AutoPsych: Automated Psychophysics for Interpretability and Diversity Benchmarking
Poster Presentation 43.316: Monday, May 18, 2026, 8:30 am – 12:30 pm, Banyan Breezeway
Session: Object Recognition: Features, parts
Schedule of Events | Search Abstracts | Symposia | Talk Sessions | Poster Sessions
Habon Issa1, Sunny Liu1, David Klindt1; 1Cold Spring Harbor Laboratory
Interpreting neural representations is a fundamental challenge for neuroscience. This is complicated by the fact that single neurons respond to multiple independent stimuli (i.e., they exhibit mixed-selective or superposed representations). In the AI mechanistic interpretability field, population coding methods including sparse autoencoders (SAEs) have successfully lifted features out of superposition, revealing the hidden feature representations of large neural networks. However, there are no rigorous quantitative metrics to measure the success of SAE architectures against existing alternatives.
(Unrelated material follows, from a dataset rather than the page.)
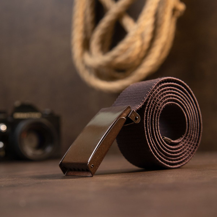 Тканинний чоловічий ремінець на кожен день насиченого коричневого кольору. Виріб довговічний. Тканина тягнеться. Доповнено ремінь якісною пряжкою з щільного сплаву прямокутної форми і автоматичного типу. Ви можете підібрати під ремінь подарункову коробку на нашому сайті. Ширина ременя середня і добре підійде під джинси і брюки. Текстильний ремінець стане непоганою альтернативою шкіряного ременя.

Human psychophysics experiments are considered the gold-standard method to benchmark population coding methods, but the low scalability of this method presents a major bottleneck to feature evaluation. While recent work automates this using large language models (LLMs), these methods are limited to textually-describable concepts and can be difficult to generalize. We introduce AutoPsych, a framework for conducting automated psychophysics experiments where our approach replaces human subjects with perceptual similarity models (e.g., DreamSim and LPIPS for vision models) that are pretrained to mimic human psychophysics judgments. Using this framework, we propose two novel, quantitative benchmarks. The first, an Odd-One-Out (O3) task, measures the interpretability of individual neurons or SAE latents by assessing the perceptual consistency of their maximally activating inputs. The second, cross-O3 (xO3), extends this to measure the diversity of a set of units, providing a proxy for how many distinct concepts they cover. Compared to existing methods, AutoPsych requires no LLM-generated textual descriptions, and is readily adaptable to diverse data types including images, text, and biological data. This provides a scalable and generalizable solution for rigorously evaluating progress in neural network interpretability.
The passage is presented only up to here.